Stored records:
+ + + + + + +
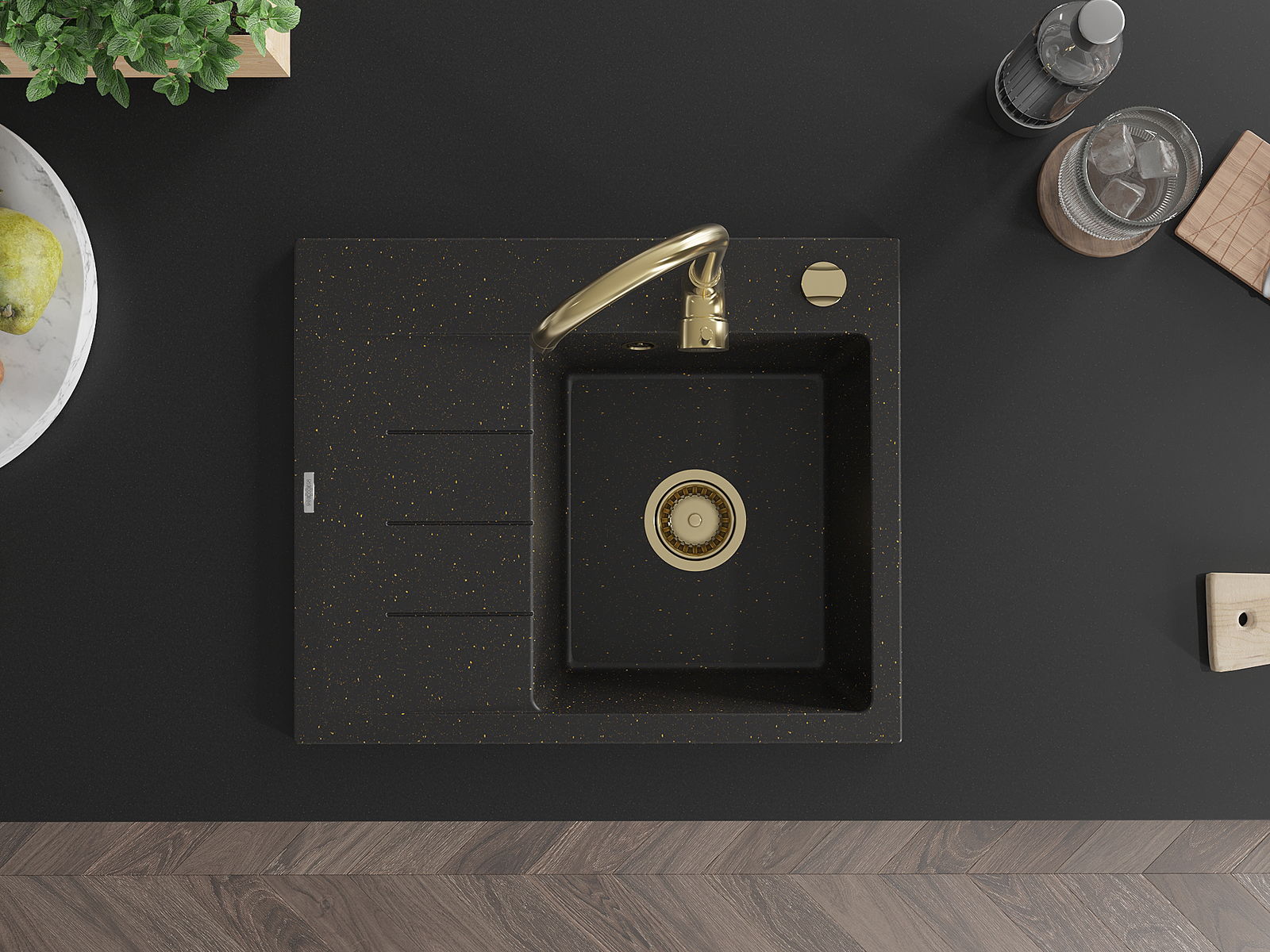 Mexen Ben gránit egykamrás mosogató csepegtetővel, jobb oldali 600 x 500 mm, fekete/arany metál, arany szifon
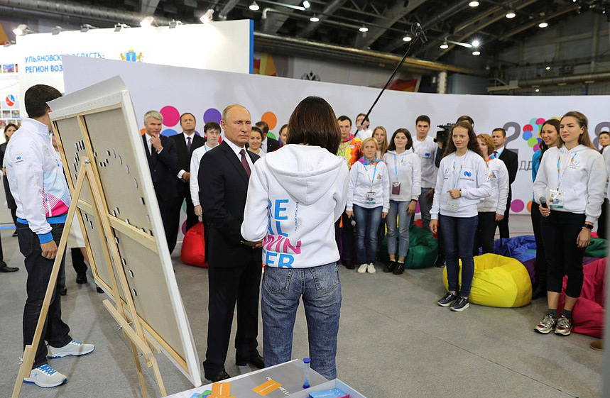 Vladimir Putin, the President of the Russian Federation met with the Krasnoyarsk 2019 Winter Universiade volunteers in the city of Ulyanovsk, where he took part in a volunteer training session.
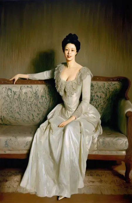 约翰·辛格·萨金特的风格。全能型大师。细致的干笔触和画布纹理。
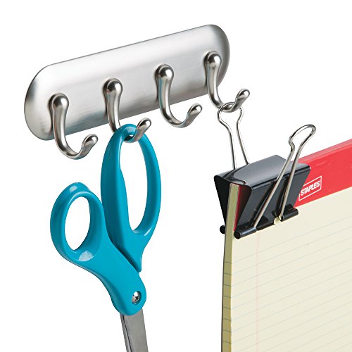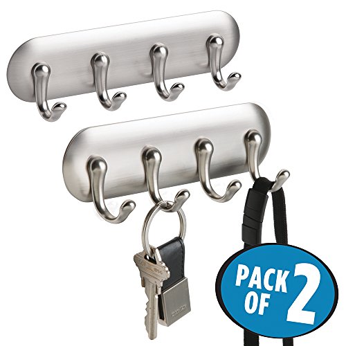 mDesign AFFIXX, Peel and Stick Strong Self-Adhesive Key Storage Rack for Kitchen, Office, Entryway - Pack of 2, 4 Hooks, Brushed Nickel
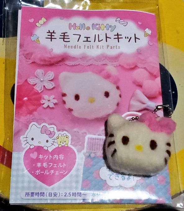 長女にもっと作りたいと言われたのでDAISOで今度はキティ先輩を買ってきた。すぐに始めてさっと完成させてるし…😅 なかなかだなうちの娘←親バカww #羊毛フェルト
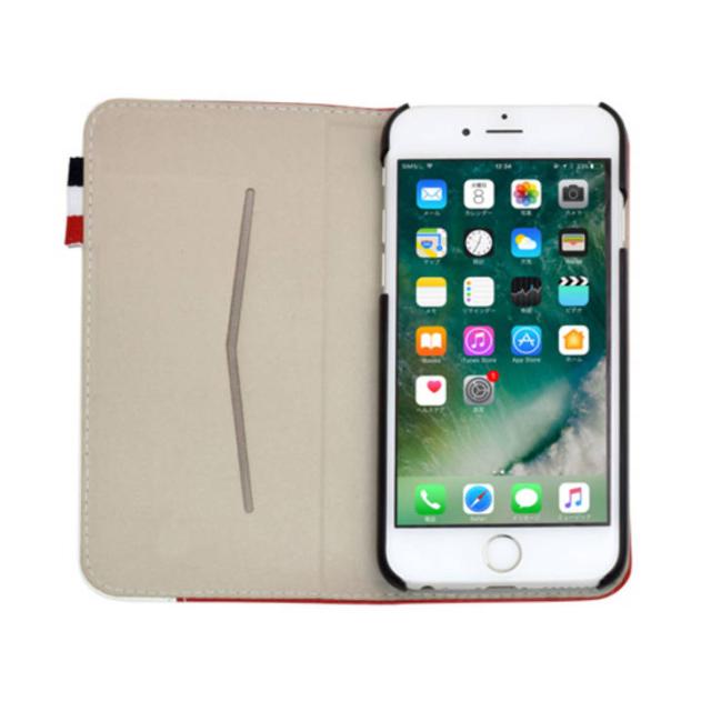高級感あるレザータッチ素材 しっかりとした縫製本製品は、高級感あるレザータッチ素材をしっかりと縫製したブックタイプケースです。ケースは人気の[bi-color(バイカラー)デザイン]で、ホワイトのストライプと4色のベースカラーからお選びいただけます。iPhoneをしっかりガード フリップカバーとハードフレームiPhoneをケースに固定するフレームは厚さ約1mmのポリカーボネイト素材を採用し、iPhoneが外れないようにしっかりと固定します。また、フリップカバー部分は最大2mmの厚みがあり、iPhoneの液晶画面を傷や衝撃から守ります。カードホルダー搭載 取り出しやすいV字スリット本製品のフリップ部分には、カードを1枚収納するっことができるスリットがあり、V字型のデザインによりカードの出し入れを簡単に行うことができます。また、緊急時の名刺入れとしてもご活用いただけます。動画視聴もラクラク 横置きスタンド機能本製品のフリップを折り畳むと、iPhoneを横置きにできるスタンドになります。家族や友人との写真やムービーを一緒に楽しむもことや、YouTubeや映画などをみる際に最適です。カバーの開閉がラクラク 開きやすく、持ちやすい設計本製品のカバーは、マグネットタイプなのでカバーの開閉がとても便利です。カバーを閉めるとピタッと閉じるので、液晶画面を傷や衝撃から守ることができます。また、カバーを開いた時、ケースの背面にカバーがピタッと貼り付き固定することができます。開きやすく、持ちやすい設計となっております。
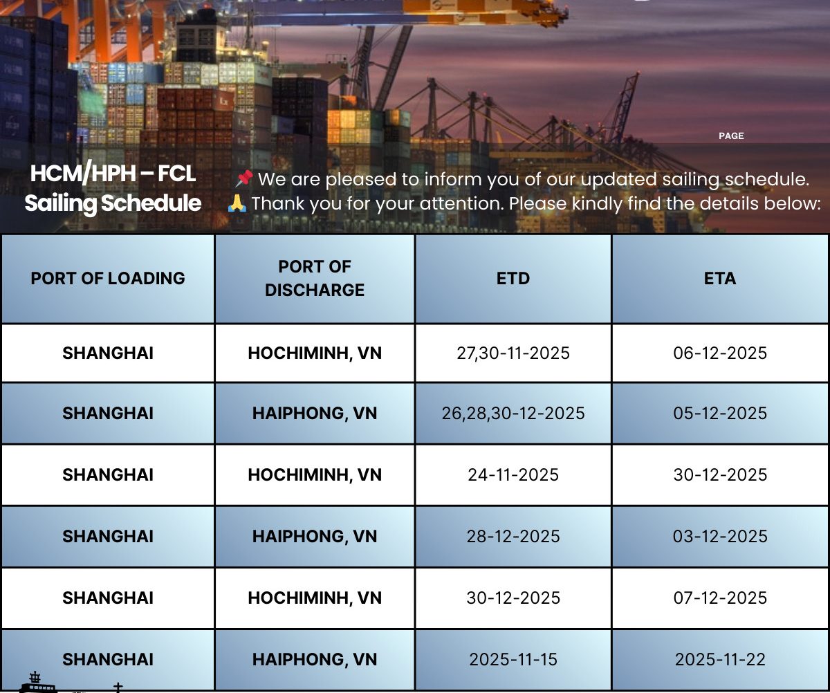 Hàng sẽ được vận chuyển về cảng Cát Lái hoặc cảng Hiệp Phước tùy lịch tàu.
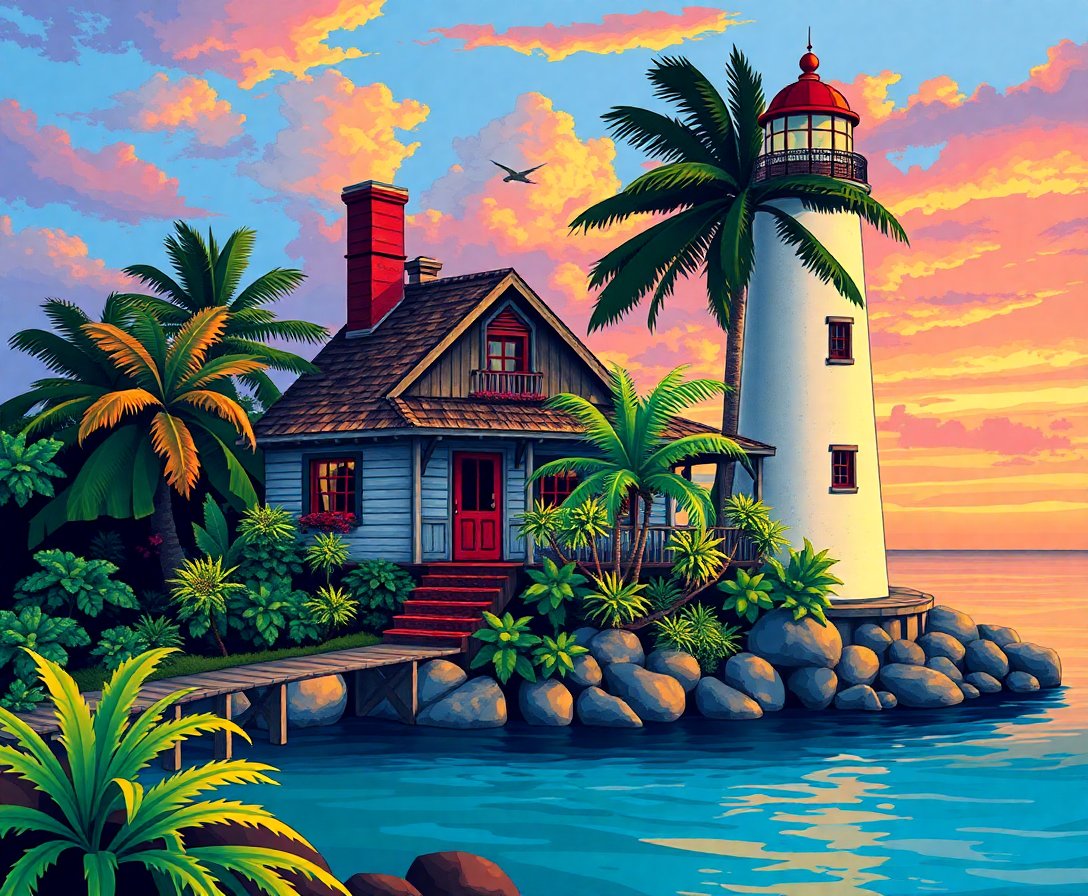 Embrace the tranquil beauty of this tropical cottage scene. Whether gifting or personal enjoyment, this kit delivers hours of creative fulfillment. Start your artistic journey today and discover the joy of mindful painting.
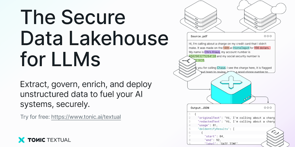 Tonic Textual is the world’s first secure data lakehouse for LLMs, seamlessly unifying, protecting, and preparing your unstructured data for generative AI. With Textual, you can extract, govern, enric
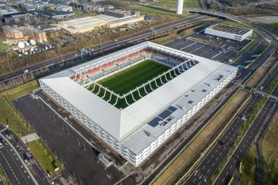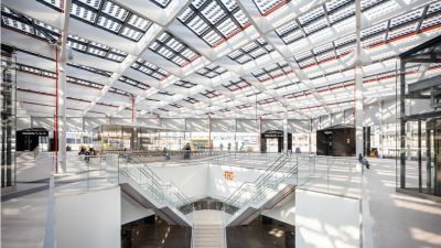 • Tekst: <p>Bruges a enrichi son patrimoine d&rsquo;un bâtiment important, le « Bruges Meeting &amp; Convention Centre » (BMCC), situé non pas en périphérie, mais à l&rsquo;intérieur de la ville historique et de la ceinture d&rsquo;eau de la cité médiévale. La brique rouge-brun a été choisie pour les façades extérieures, la palette de couleurs dominantes de la ville. Le Bruges Meeting &amp; Convention Centre (BMCC) comprend un hall d'exposition multifonctionnel et un espace de conférence pouvant accueillir plus de 500 participants.<br> </p> <p>Le hall d'exposition de 4480 m2 repose sur un piédestal en verre, attirant la place extérieure à l'intérieur comme une place couverte. Il s'agit d'un espace élevé dont les dimensions des baies sont de 15/30/15 m et qui repose à l'intérieur sur seulement six colonnes circulaires en béton de 1,20 m d'épaisseur. Six fermes secondaires et deux fermes primaires en acier transfèrent les charges des fermes secondaires aux six colonnes via une imposition architecturale articulée. L'entrée de la salle de conférence est dominée par un impressionnant porte-à-faux de 60x6 m qui assure une transition progressive entre le parvis et l'entrée.</p>
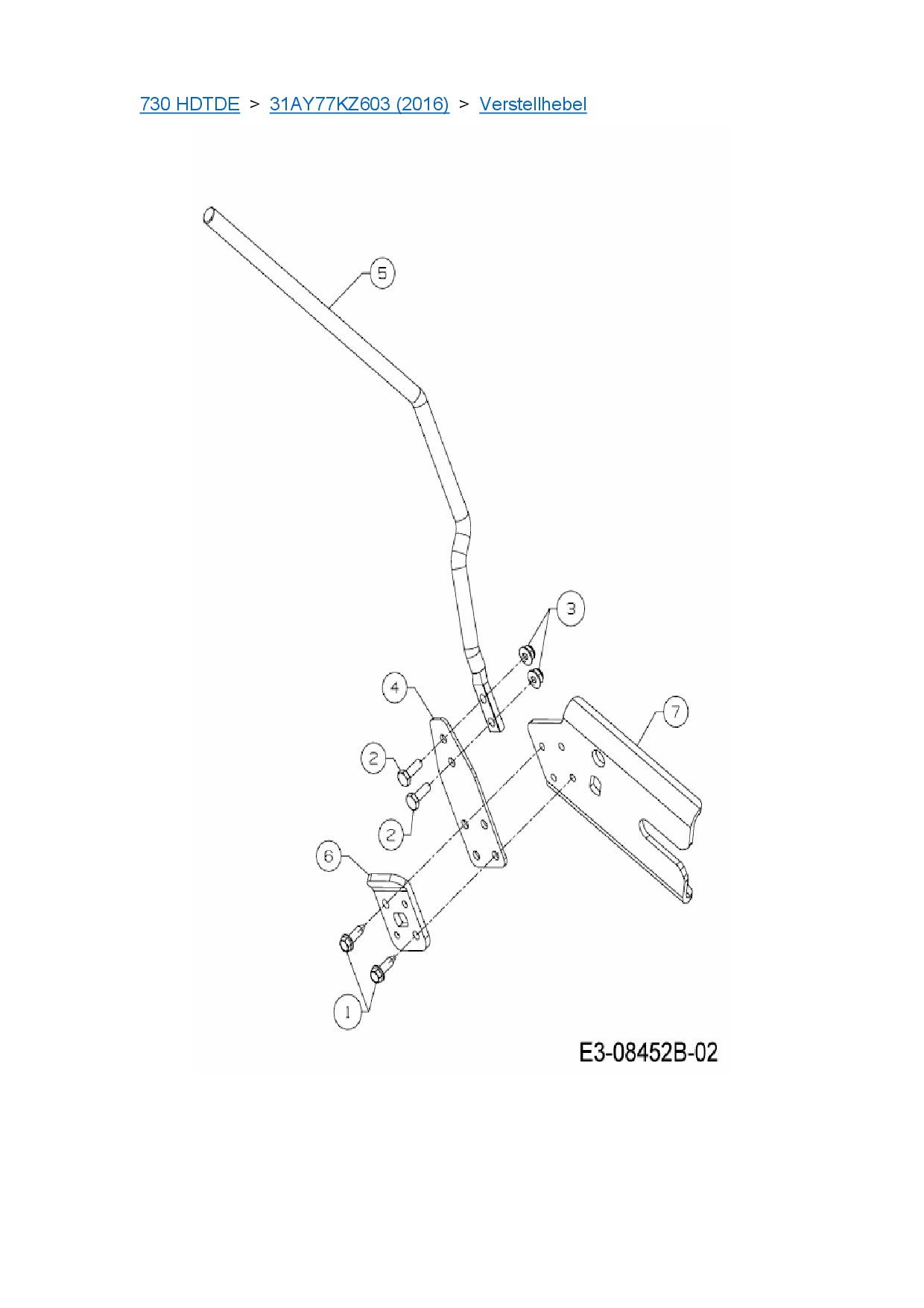 Download Ersatzteil-Zeichnung Cub Cadet 730 HDTDE Zeichnung Verstellhebel (PDF-Format)
+ + + + + + +
Above, find the line holding "Vladimir Putin, the" and the line holding "mDesign AFFIXX, Peel". Print exactly those two lines and every line between them, but no pictures.

 Vladimir Putin, the President of the Russian Federation met with the Krasnoyarsk 2019 Winter Universiade volunteers in the city of Ulyanovsk, where he took part in a volunteer training session.
 约翰·辛格·萨金特的风格。全能型大师。细致的干笔触和画布纹理。
 mDesign AFFIXX, Peel and Stick Strong Self-Adhesive Key Storage Rack for Kitchen, Office, Entryway - Pack of 2, 4 Hooks, Brushed Nickel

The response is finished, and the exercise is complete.